Being an underdog helped turn Indianapolis Colts rookie linebacker Darius Leonard into a “maniac.” That motivation continues into his rookie year.


WESTFIELD, Ind. — Rookie linebacker Darius Leonard has been very noticeable through the first three days of Indianapolis Colts training camp practices.

After injuring a quad at the Scouting Combine and then re-injuring it during pre-draft workouts, he was forced to miss the on-field portion of the Colts' offseason program and minicamps. It would've been understandable for Leonard to just blend into the crowd initially at training camp.


Day 1, Leonard is mixed in with the first-team defense and intercepts quarterback Andrew Luck. The same practice, Leonard runs in stride with speedster Nyheim Hines and meets him at the sideline on a screen pass.

Since then, Leonard has been a fixture with the first-team defense, was the defense's primary dime linebacker on Saturday and has continued to flash, both against the run and the pass.

How does a rookie who missed almost the whole spring program hit the ground running like that? Leonard has zero problem finding things to motivate him. Not that a guy nicknamed "Maniac" would.

One of the biggest motivating factors in Leonard's football career started during his college recruitment. He wanted to go to Clemson where his brother Anthony Waters previously played. Things didn't work out, and Clemson didn't take Leonard. Big mistake.

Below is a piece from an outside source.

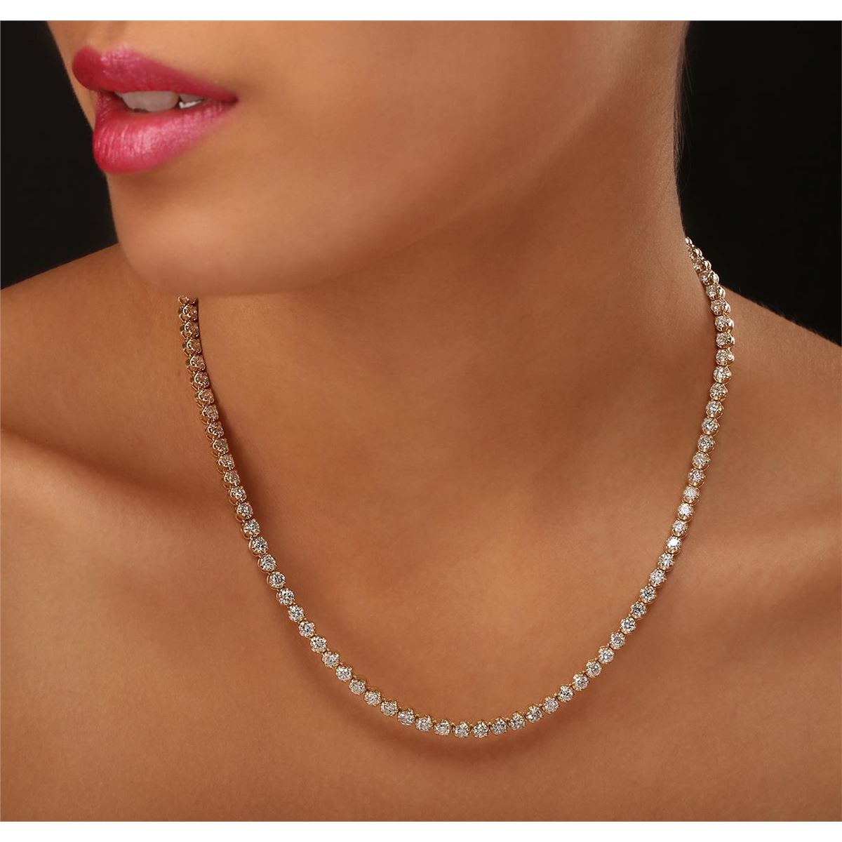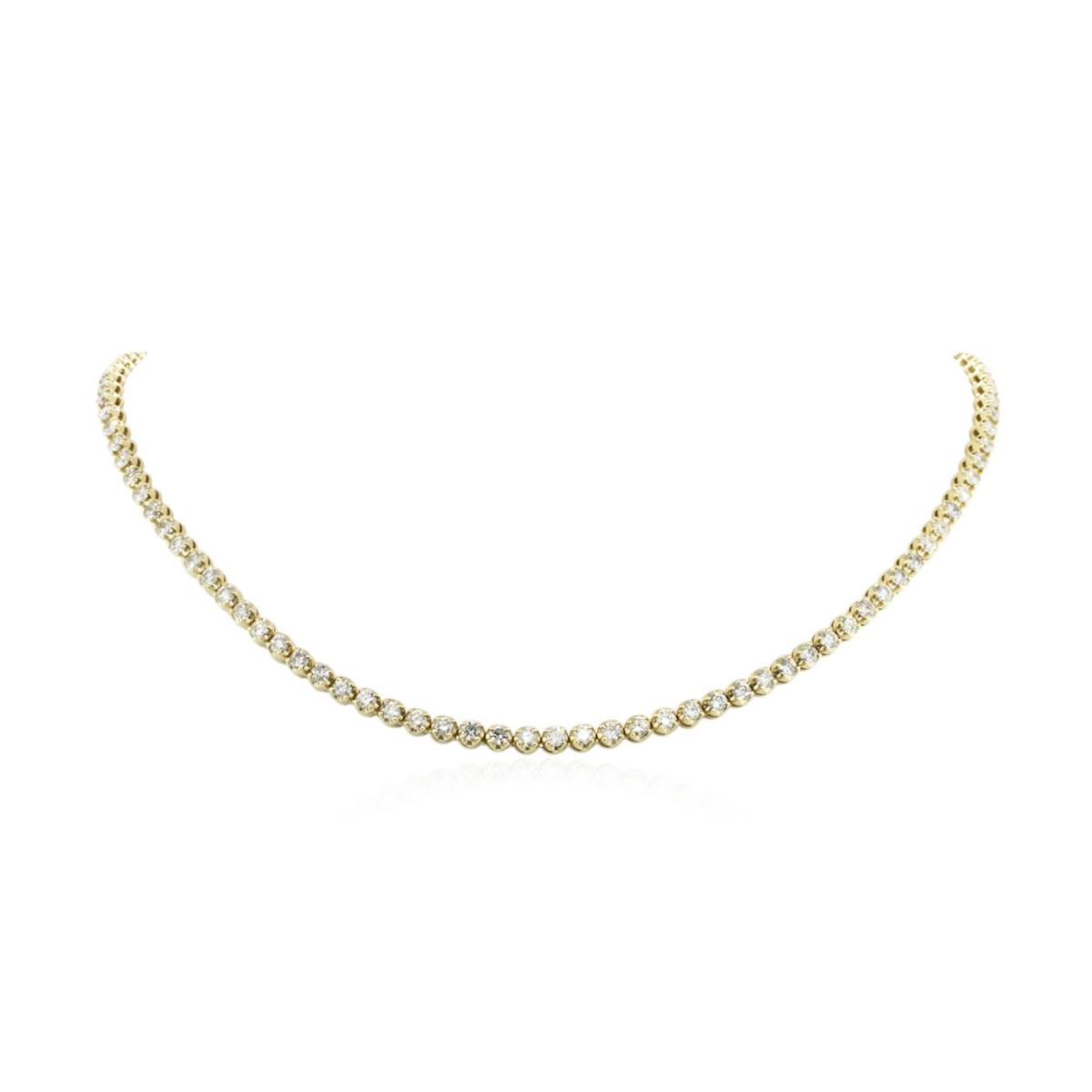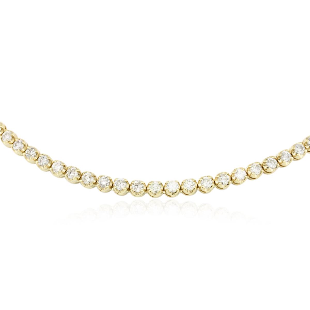 One electronically tested 14KT yellow gold ladies combination cast & assembled necklace with a hidden box clasp with a bright polish finish. Condition is new. Measurements: 16.50" in length. Identified with markings of "14K". Containing: One Hundred Four prong set round brilliant cut diamonds, measuring 2.80 - 2.80 x 1.68mm (depth est.) approximate total weight of 104 Stones = 8.35ct. Clarity: I-1 to I-2. Color: I - J, Cut is Good. All diamonds are graded in the mounting, unless otherwise stated. Total Weight of Diamonds 8.35ct. Total Weight of Necklace 26.10 grams. GGL Appraised at $25,315.00.

As a player for South Carolina State in 2016, Leonard played against Clemson. Nineteen tackles later, his teammates dubbed him, "Maniac."

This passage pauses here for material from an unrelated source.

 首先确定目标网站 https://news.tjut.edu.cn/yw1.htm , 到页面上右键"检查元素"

Colts.com asked Leonard about the motivation he uses in being snubbed by Clemson and being overlooked during the draft process and if he'll use it moving forward:

"Without a doubt. That Clemson game, I had the biggest chip on my shoulder," Leonard said on Saturday. "I came in with a chip here... Everybody that doubted me, I want to prove them wrong."

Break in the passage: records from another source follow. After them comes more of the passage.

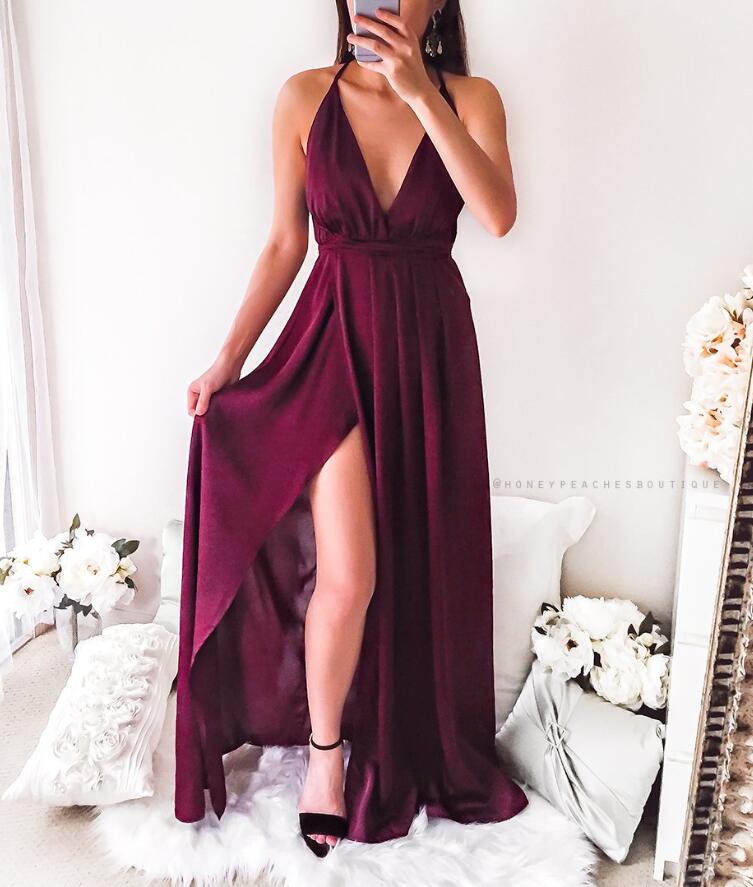 Simple A Line Wine Red Chiffon Formal Prom Dress
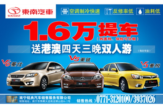 2013年09月16日-2013年10月15日, 東南汽車最低1.6萬提車,保險(xiǎn),購置稅全打包融資,最快1天放款,2~3天可提車,提前圓您購車夢(mèng)!購買指定車型還可獲贈(zèng)港澳四天三晚雙人游哦!親..你還在等什么?
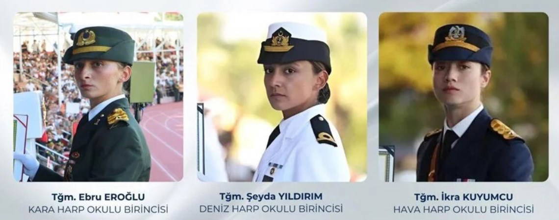 Ankara'da Kara Harp Okulu'nda, Teğmen Ebru Eroğlu, İstanbul'da Deniz Harp Okulu'nda Teğmen Şeyda Yıldırım ve Hava Harp Okulu'nda Teğmen İkra Kuyumcu dönemlerini birinci bitirdi. Birinci kızlar, diplomalarını AKP'li Cumhurbaşkanı Recep Tayyip Erdoğan'dan aldı.

Physical ability obviously isn't the only thing that has allowed Leonard to perform at a high level in camp. He's proving to be a student of the game as well.

"I've spent a lot of time with the coaches and have been paying a lot of attention in meetings," Leonard said. "I don't think I'm behind — I think I'm right with everybody else."

If Leonard continues to perform at a high level on the practice field, it wouldn't be a surprise at all to see him lock up a starting linebacker spot come Week 1 of the regular season.

He plans on doing just that, as he describes by, "coming out every day and giving it 110 percent — nothing less."